Leveraging Norms for Wildfire Preparedness

Cassidy Dellorto-Blackwell

January 18, 2019

The Island Park Sustainable Fire Community (IPSFC) formed in 2013 as a small collaboration bringing together NGOs, emergency services, and state, local, and federal agencies to address wildfire issues in the wildland urban interface (WUI) around Island Park, ID. The collaborative aims to make the landscape resilient to wildfires and create a culture of wildfire preparedness among the residents of the region.


  • Many residents have never experienced nearby wildfires, reducing the urgency among residents to take preparedness actions
  • A large proportion of residents only spend their summers in Island Park and have other priorities for their vacation besides wildfire preparedness


  • Conduct outreach and host community events that help to integrate the norm of wildfire preparedness into the greater community
  • Make completing wildfire preparedness actions easy for seasonal residents by reducing barriers that might prevent them from taking action around their homes

The Island Park community is located in a unique natural landscape. While at risk of wildfire, the area has a long fire return interval, which means that most residents have never experienced wildfire firsthand. However, fire in the west is regularly present in the media and not completely out of the minds of residents. These conflicting realities have the effect of reducing the urgency felt by locals to take wildfire preparedness actions on their properties. To overcome the ambivalence of residents regarding wildfire, IPSFC has developed a trusted and recognizable identity in the Island Park community and has infused wildfire preparedness norms into the region.
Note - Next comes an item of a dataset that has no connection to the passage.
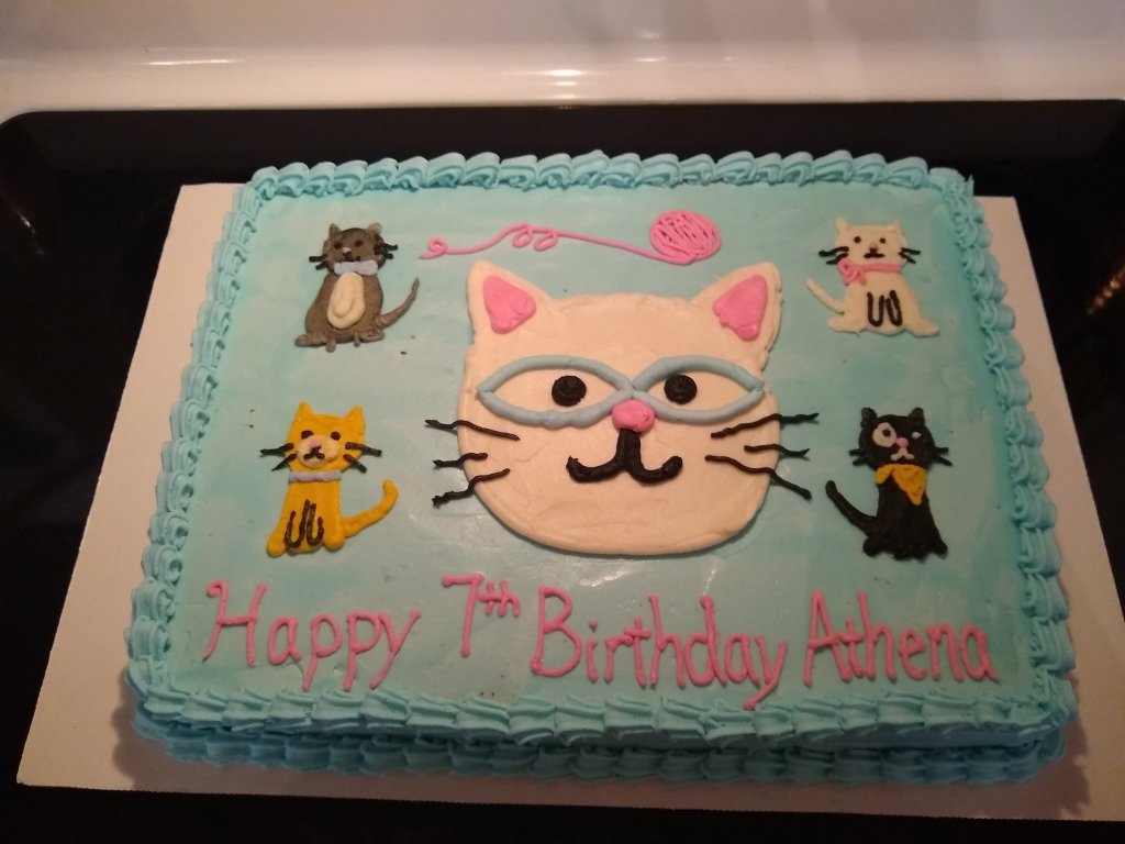 A vanilla half sheet cake iced with vanilla buttercream. Decorated with buttercream cats.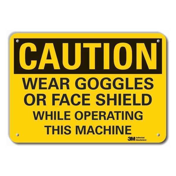 Reflective Eye & Face Caution Sign, Vertical Rectangle, Number of Printed Sides 1, English, Sign Format Traditional OSHA, Sign Legend Wear Goggles Or Face Shield While Operating This Machine, Sign Legend Background Color Yellow, Sign Legend Style Text

What do they want landowners to do?

IPSFC’s long term goals are to ensure that the community is fire adapted, the landscape is resilient to wildfire, and the community members are ready to react and respond to wildfires when they happen. To move Island Park towards those goals, the IPSFC started by engaging the community through small steps, namely getting households to sign up for free wildfire risk evaluations. These evaluations gave IPSFC a “foot in the door” to show community members the relative ease of making their property more prepared for and resilient to wildfire. This initial contact helped to build the community’s trust in IPSFC and moved residents to complete larger actions like increasing defensible space by clearing brush and thinning trees.

Who is the primary target audience?

The Island Park community only has a few hundred year-round residents, with the population growing into the thousands when seasonal residents flood in during the summer. Initially IPSFC started their outreach efforts targeting the year-round residents since these individuals were more likely to take action quickly in response to their message. After successfully engaging the majority of this population and building their visibility and identity within the community, IPSFC moved on to targeting summer seasonal residents.

What are these landowners like?

Island Park’s summer seasonal residents tend to be blue-collar folks that have been spending their summers in the area for generations. They have strong ties to the landscape and their summer traditions — spending time with their families on the lakes and in the mountains around Island Park. However, they come to the region to enjoy themselves not to spend time and money doing work around their homes.

What message will get them to act?

By recognizing that summer residents are in the area for a limited time and have priorities beyond wildfire preparedness, the IPSFC came up with strategies to better appeal to this audience. To make it easier for them to take fire preparedness measures, IPSFC scheduled “Slash Days” to collect and haul away brush and landscape debris from neighborhoods, removing a major barrier to action. The visual nature of the event also works as motivation for action, highlighting the community norm of wildfire preparedness and moving more seasonal residents to join every year.

How can these landowners be reached?

IPSFC had already built trust and recognition through high-investment, door-to-door outreach to permanent residents. These relationships within the community helped to spread the word about the value and ease of working with IPSFC.

To reach seasonal residents, IPSFC leveraged their recognizable and trusted identity and focused on:

  1. reaching seasonal residents early in the year
  2. keeping their presence and activities highly visible throughout the summer
  3. and reducing barriers to action

IPSFC sent mailings to summer residents at their winter homes letting them know about resources available for wildfire preparedness actions. They increased their visibility during the summer months by hosting “Wildfire Awareness Days,” speaking at Home Owners Associations, and getting articles written about their activities in the local paper. To overcome the barrier of limited time and resources to deal with removing brush from their land, IPSFC organized slash pickup days where IPSFC staff hauled away residential brush and debris.

TIP: Slash Days pickups call for residents to pile brush and debris at the end of their driveway for removal. As piles appear around neighborhoods social pressure to participate in fire preparedness efforts grows, encouraging residents to join their neighbors in protecting the beauty and values of the Island Park community.

Evaluation and adaptation

By the end of 2017, IPSFC had completed over 450 home risk evaluations and hauled away 4,400 cubic yards of slash. They continue to expand their outreach efforts by setting up demonstration lots and hosting landowner field trips to managed burn sites. They have been successfully moving landowners up the ladder of engagement from getting home risk evaluations, to clearing brush from their land, to getting cost share for thinning and completing thinning on their land. IPSFC looks forward to continuing to work with residents to build on the identity of caring for their community through wildfire preparedness.